香織はすぐに誤解させないよう、急いで言葉を重ねる。


「天音ちゃんのことは大好きだよ。でも、もうあなたと一緒にいられない。私のわがまま」


「それは、香織さんの未練と関係があるの?」


「そう」


天音はしばらく黙って香織の表情を見つめ、やがてゆっくりとまばたきをした。


「…香織さんがそう思うなら、分かった」


その声には寂しさと、どこか大人びた決意が入り混じっていた。


香織は小さく微笑んだ。


「ありがとう、天音ちゃん。

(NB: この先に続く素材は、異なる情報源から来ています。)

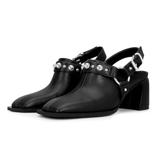 100FIXEO Women's Block Heel Slingback Pumps Studded Strap Buckle Square Toe Comfortable Shoes 6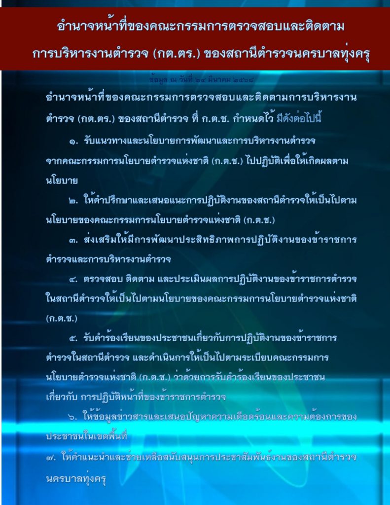 รายชื่อคณะกรรมการตรวจสอบและติดตามการบริหารงานตำรวจ สน.ทุ่งครุ

あの2人ならちゃんとあなたのことを受け入れてくれるから」


「うん」


天音はそっと頷き、店の匂いと光景を目に焼きつけるように見渡した。



夕日が隠れる頃、天音は荷物をまとめて玄関に立っていた。

香織は必死に涙をこらえながら、扉の前で両手を握りしめて立ち尽くしている。


そんな香織の様子を見て、天音は軽く笑ってみせた。


「香織さんにはちゃんと、幸せになってほしい」


香織の足元で、涙がぽたりと落ちる。

天音はその涙を見て、そっと香織に抱きついた。


「今までありがとう。香織さんが私にくれた全部は、嘘じゃなかったよ。またね」


そう言い残し、天音は颯太と三浦の待つ外へ歩き出した。


扉が閉まる音はやけに静かで、

香織は胸の奥に広がる痛みを確かめるように、そっと目を閉じた。


それでも、心は不思議なほど穏やかだった。